Multiple tables design

Hello everyone,

I am encountering performance problems with my database during peak hours at 140 qps average (max: 1000+ qps).

It is a dynamic service using a simple Innodb table, many concurrent read & writes, 3 million rows and growing.

It stores “posts” of about 90,000 accounts. My question would be, is it a good choice to split the posts into separate tables? E.g. a table for each account instead of one giant table.

Initially it was CPU bound and not I/O, but now I am no longer sure what problem it is.

I only wish to know whether it would be wise to split the tables at this point as I still have other optimizations going around at the moment. Many thanks.

  • Tan.

The real question is whether your load is (or expected to become in near future) IO bound. If it is, then splitting data in N tables, turning on file per table feature, and putting files on different physical drives might help.
But if you can avoid relying on disk IO, that is better. Try to redesign your database structure and queries so most of the data that is actively used can fit in memory, and the rest of the data is accesed only occasionally.
Of course it’s not always possible, but since you mentioned “posts” I assume it has something to do with online communications (message boards, blogs, album comments, support tickets etc.), and usually old posts do not need to be accessed often.

Thanks Alexey. It was never really an I/O issue but some less accessed queries using non-indexed columns were dragging the server down and slowing most of the simple read queries.

In the end I altered my application and removed those small infrequent queries. I also changed my primary index to make use of clustered data as well as ensuring that read queries use indexes entirely.

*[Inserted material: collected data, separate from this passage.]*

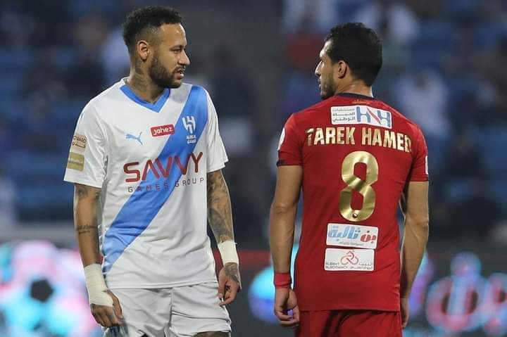 وشهدت المباراة عدة صدامات فردية بين طارق حامد ونيمار، ومنها مطالبة البرازيلي بطرد المحترف المصري في صفوف ضمك، بعد لمس الكرة بيديه.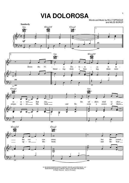Digital Sheet Music for Via Dolorosa by Niles Borop, Billy Sprague, Sandi Patty scored for Piano/Vocal/Chords; id:386650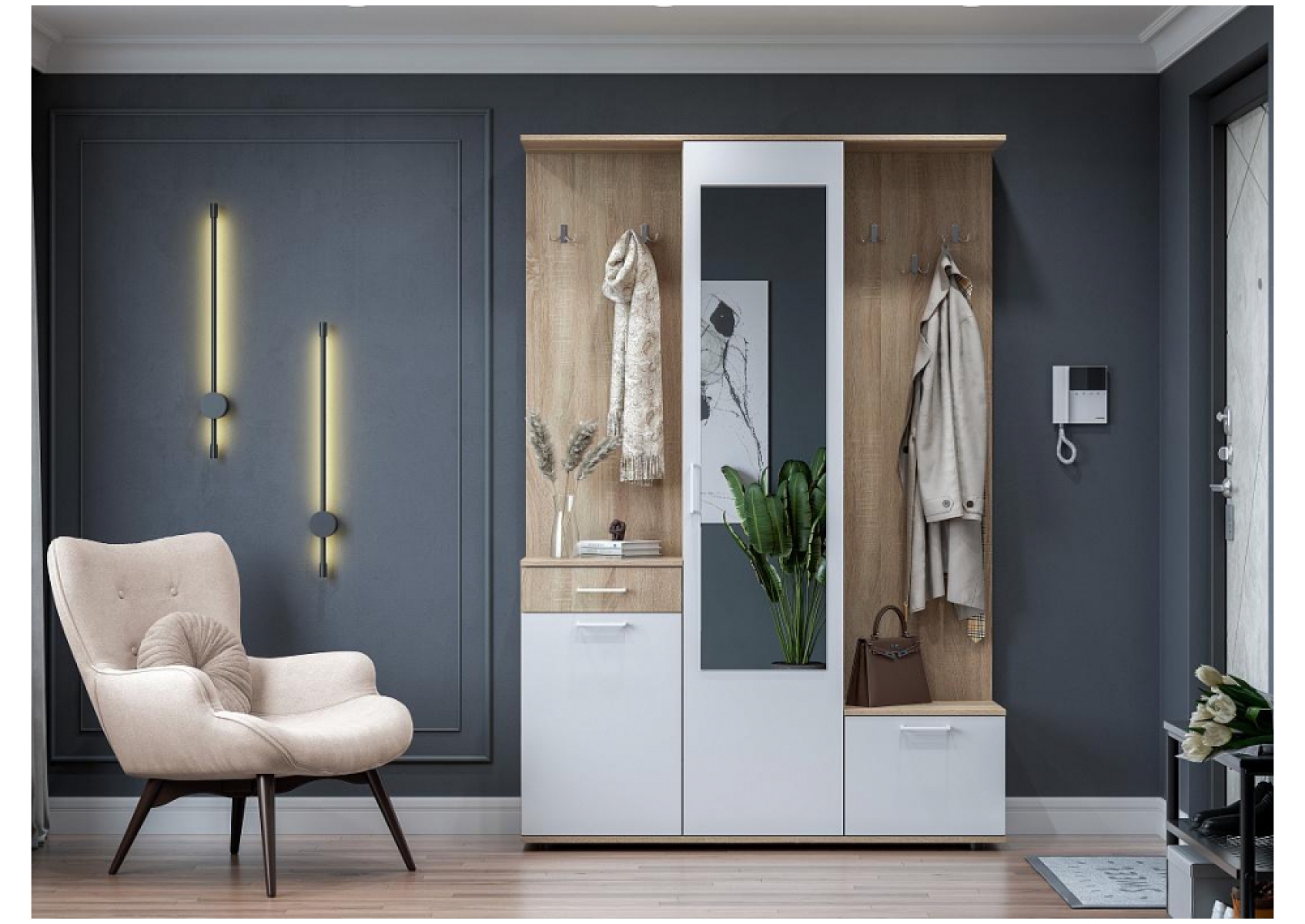Несколько крючков для верхней одежды размещены с обоих сторон прихожей, что делает ее удобной и практичной для хранения верхней одежды.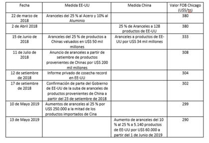 No hay duda que esta caída del valor de la soja a nivel internacional comienza a producirse a partir del anuncio de aumentos de aranceles de EE.UU. a importaciones de China y otros países desde marzo de 2018.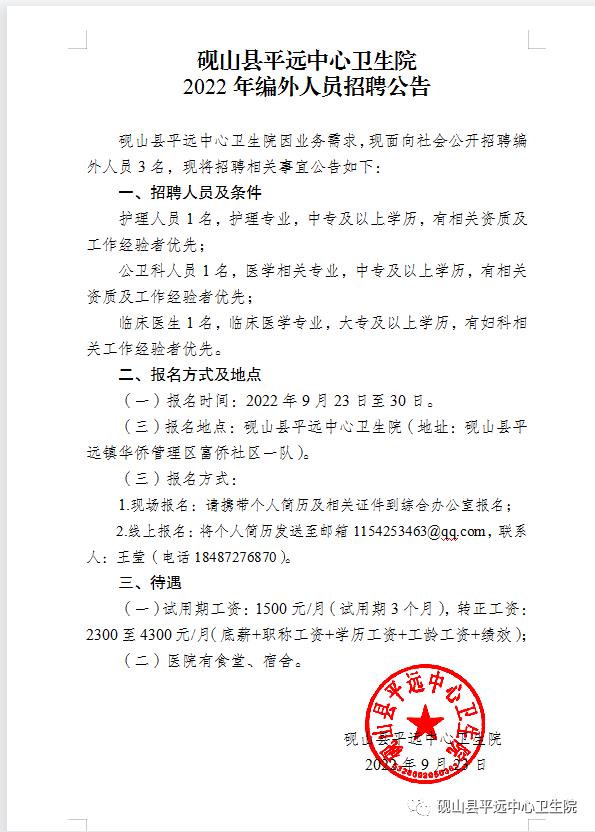 云南省文山州硯山縣平遠中心衛(wèi)生院2022年招聘編外人員3名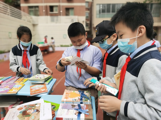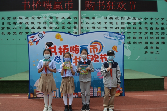 最引人矚目的要數(shù)孩子們手里拿的“校園閱讀幣”,10元、5元、2元、1元四種面值,這可是孩子們通過日常閱讀積分換取的,等同于人民幣在購書狂歡節(jié)上使用。不同面值的閱讀幣流通在各個圖書攤位上,加減乘除大家用,賠本買賣不可取,討價還價是常事,購得圖書有秘籍。同學(xué)們臉上洋溢著幸福的笑容,各個沉浸在購書狂歡節(jié)所帶來的妙趣中。沒有在校內(nèi)購得心儀書籍的,還可以在4月23日持校園閱讀幣到指定書店購買新書。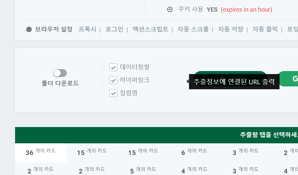 그러면, 아래와 같이 웹페이지를 자동으로 인식하여 Result페이지를 보여준다. 화면의 가장 윗부분은 긁어온 페이지, 그리고 중간에는 엑셀과 구글시트로 전달하는 버튼이 있으며 아래에 추출할 탭을 선택하는 화면이 나온다.

Now it is performing very well even with many queries. I plan to support 5 times more traffic with this server therefore I really need to keep it performing at its max, using as little load as possible.

You’re correct about what it is. It is a messaging system with almost live-chat like feature therefore there are plenty concurrent reads/writes. If I’m not mistaken, any INSERT/UPDATE operation to the table will also clear all the cached queries for that table?

My concern was the table design, whether if multiple tables design is going to be better for the long run since all account posts are isolated, just like mailboxes. But I do not have experience of having 1xx,xxx tables and worry that might cause more problems.

I guess it’s not easy to find an answer. I might even have the answer already, which is to stick with what I have now. I would like to hear some opinions if there are any. Any advice is much appreciated.

[B]snecx wrote on Mon, 19 February 2007 19:00[/B]
If I'm not mistaken, any INSERT/UPDATE operation to the table will also clear all the cached queries for that table?
That's correct. Splitting isolated chunks of data may help raising cache hit ratio.
[B]Quote:[/B]
I guess it's not easy to find an answer. I might even have the answer already, which is to stick with what I have now.

If it works good, then it’s not worth denormalizing.
MySQL can easily do tens of thousands queries per second, if you do everything right.